Saturday 8 May 2010

The Reoccuring Dream

Saturday 24th April 2010, 6.45am, Ratu Kini Resort - Mana Island

I have been having the same dream, continuously, for the past 5 months. I would have told you about it sooner but as often happens with our dreams they pale and vanish in consciousness, they flee from that cerebral cortex which governs daytime thinking. Unless we make concerted effort to hold on to them by chasing their tails through our memory, they are lost in a No Man's Land of unexplained sleeper's thought. This one always sticks with me, but it is only today, on rising and reaching for my notebook as early as I have, that I finally remember to tell you about it.

The premise, the feeling and the ending of the dream are always exactly the same, a few variables change here and there, but every time I have it I wake up not knowing where I am. It starts with me at home, and by home I mean various locations around London; sometimes I am at work, sometimes at my parents' house, sometimes at my local pub. The conversation begins, the scene is set, the exposition run through: I have just returned from travelling, I am being welcomed back for the first time by family and friends and colleagues. I have come back, but only temporarily, just to see everyone for one weekend, a fleeting visit before I go back to whatever country I was in at the time - when I was in Cambodia I knew this in the dream, and knew I had to get back to Vietnam, when I was in Bali this is what I told people in my dream, and knew I had to fly back to New Zealand, and so on and so forth.
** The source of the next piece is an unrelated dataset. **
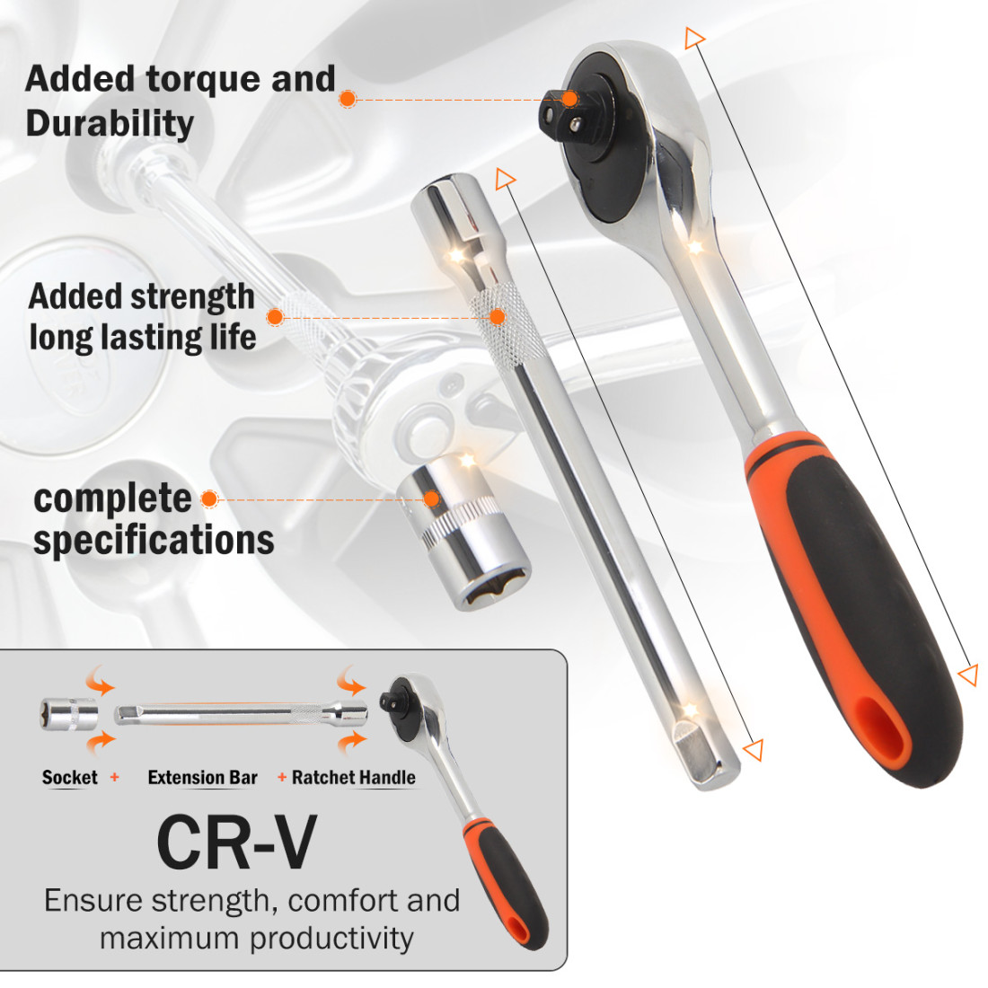 teiliges Steckschlüsselsatz-Set aus hochwertigem Chrom-Vanadium-Stahl für maximale Langlebigkeit.

I spend time catching up with everyone and begin to get back in to my old routines, and then the dream switches. I have been at home too long, what am I doing here? I'm going to miss my next flight, it's going to cost me a fortune in plane tickets to get back to where I was and carry on. The dream always ends with me walking over to the noticeboard in our kitchen and pointing at the calendar, then I say, "I'm not going to be able to get back in time." I wake up in a state of panic, at first not realising that I was dreaming, believing I'm at home. Then it takes me a few seconds to process the room around me and work out what country, what island, what dormitory I'm in. The relief is always immense when I realise I'm still away and that I haven't missed any flights, every time I have the dream it makes me thankful all over again to be travelling.

I must have had that same dream about 20 times now, and I doubt I've seen the last of it yet. I'm no practised dream interpreter, but I don't think it takes any great philosopher to decipher what it means. It means I'm where I'm meant to be, doing what makes me happy, in places that I can't bare to leave, on a trip that I don't want to end. But it also means that if I could fly home for the weekend and see you all without jeopardising the future of my travels, I'd be there in a shot. If it's any consolation my dears, I'm visiting you all in my dreams.